General Software Improvements (3rd June 2020 onwards)

Sub-forum for general software improvements threads
hamishmb
Posts: 1891
Joined: 16/05/2017, 16:41

Re: General Software Improvements (3rd June 2020 onwards)

Post by hamishmb »

More improvements:
  • Fix unit tests broken by previous changes.
  • General code cleanup in preparation for merge with master.
  • Log when database errors are encountered more effectively.
  • Add shutdown, update, and reboot events to the log.
  • Remove some old unneeded notes.
  • Reset system tick to zero when it reaches the database limit (2^31^ as it's a signed 32-bit integer).
Testing:
  • All unit tests have been run multiple times.
  • A system test with the NAS box and 5 Pi VMs has been conducted.
    • Aside from one permission issue with a database user, no issues were found.
    • Pi VMs used: SUMP, G3, G4, G6, VALVE4.
    • Free memory: around 70MB (though 2.5 GB of swap space is available if we need it).
    • Load avg on the NAS box was around 0.30, with peaks of 0.50 and troughs of 0.20.
    • This should be fine. We will have more pis in the system when deployed, but I am comfortable with the amount of headroom this gives us (I estimate at least 20% CPU free, being conservative).
    • Please note I had two SSH sessions open (which seem to hog the CPU) and the engineer GUI open to monitor during this test, so actual CPU load in production will be lower.
I now consider this to be ready to deploy (after I've merged it with master, which shouldn't be particularly arduous). We will also have a little bit of CPU headroom, which means we should be able to do things like:
  • Run scheduled tasks like database backups on low priority.
  • Cope with a flood of database queries to add readings if we encounter a temporary network issue.
  • Run maintenance tasks to eg fill in missing tick values if the above happens.
  • Generate simple graphs on the NAS box (preferably ahead of time because then we can use a low process priority).
One thing we do need to do is sort out database backups, but that will probably be a separate piece of code running as a cron job - no need to delay deploying.
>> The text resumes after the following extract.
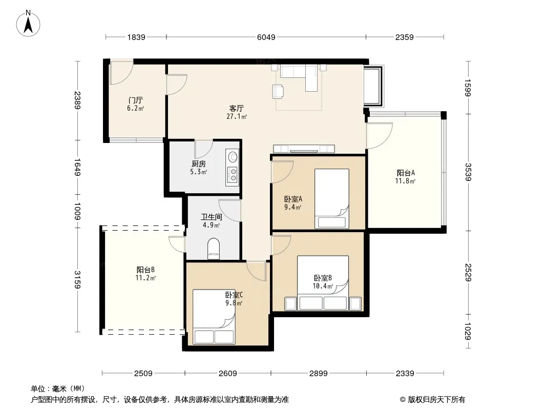 户型齐全,主打户型方正,独立衣帽间,明厨,明卫,客厅朝南三居

I have some spare low-capacity memory sticks that can be borrowed for this task, but I imagine we'll want something more robust than that in the long term.
Hamish
hamishmb
Posts: 1891
Joined: 16/05/2017, 16:41

Re: General Software Improvements (3rd June 2020 onwards)

Post by hamishmb »

I have now merged the use-database branch into master, and the unit tests and some other quick checks seem to be fine, so I'll now do some of the post-merge tasks.
Hamish
hamishmb
Posts: 1891
Joined: 16/05/2017, 16:41

Re: General Software Improvements (3rd June 2020 onwards)

Post by hamishmb »

Latest changes:
  • Documentation has been updated to match current system state, and missing parts added and amended.
  • <various smaller post-merge tasks>
    • The rest will need to be done after we've deployed the NAS box/after merging Patrick's code - I don't really want to make potentially breaking changes this close to deployment.
Engineer GUI:
  • Sort System Status table by system ID for improved readability.
  • Display Engineer GUI version number at bottom of pages.
  • Add manual valve control to my to-do list for after deployment and testing on-site.
The NAS box shall be ready for deployment by the end of the week - just doing finishing touches now.
Hamish
hamishmb
Posts: 1891
Joined: 16/05/2017, 16:41

Re: General Software Improvements (3rd June 2020 onwards)

Post by hamishmb »

Latest changes:
  • Enable circulation pump on Sump Pi prior to connecting to NAS box to avoid water overflow.
  • Bump version to 0.11.0 and update release date.
NAS box done:
  • Backed up and updated, and stored on fileserver:
    • rivercontrolsystem.tar.xz (initial version of software to deploy).
    • engineer-gui.tar.xz (initial version of engineer gui to deploy).
    • nas-other-root-files.tar.xz (Misc files used during boot).
    • User setup queries for the database.
    • Database structure.
    • NAS system settings (via D-Link web interface).
NOTE: To scp data to the NAS box, instead of doing this:

Code: Select all

scp /path/to/file/on/local/machine [email protected]:/path/on/NAS/box
We have to do this:

Code: Select all

ssh [email protected] (log in to NAS box)
scp localusername@localip:/path/to/file /path/on/NAS/box
This is due to a slight misconfiguration of the updated SSH software I build for the NAS box, but I'm not exactly sure what the issue is. This has not been a problem so far. I'm happy to fix this if needed once deployed (and don't wish to delay -- workaround below), but to transfer files (eg logs) from the NAS box, we should be able to do this:

Code: Select all

ssh [email protected] (log in to NAS box)
ln -s /path/to/file /var/www
And then download the file using (on your machine):

Code: Select all

wget http://192.168.0.25/filename
Alternatively, you could use a web browser.

Then remove the link:

Code: Select all

rm /var/www/file
Terry, does the VPN allow pis/systems at WMT to SSH to our machines when we're connected? If so, no wget command needed. Otherwise the work-around I've supplied should suffice.
Last edited by hamishmb on 19/08/2020, 11:42, edited 2 times in total.
Hamish
TerryJC
Posts: 2616
Joined: 16/05/2017, 17:17

Re: General Software Improvements (3rd June 2020 onwards)

Post by TerryJC »

hamishmb wrote: 18/08/2020, 20:30
Terry, does the VPN allow pis/systems at WMT to SSH to our machines when we're connected? If so, no wget command needed. Otherwise the work-around I've supplied should suffice.
I think it is unlikely. The whole idea with VPN is that the client logs into the server, which then routes traffic to and from the hosts. As far as I know that traffic has to be initiated by the client.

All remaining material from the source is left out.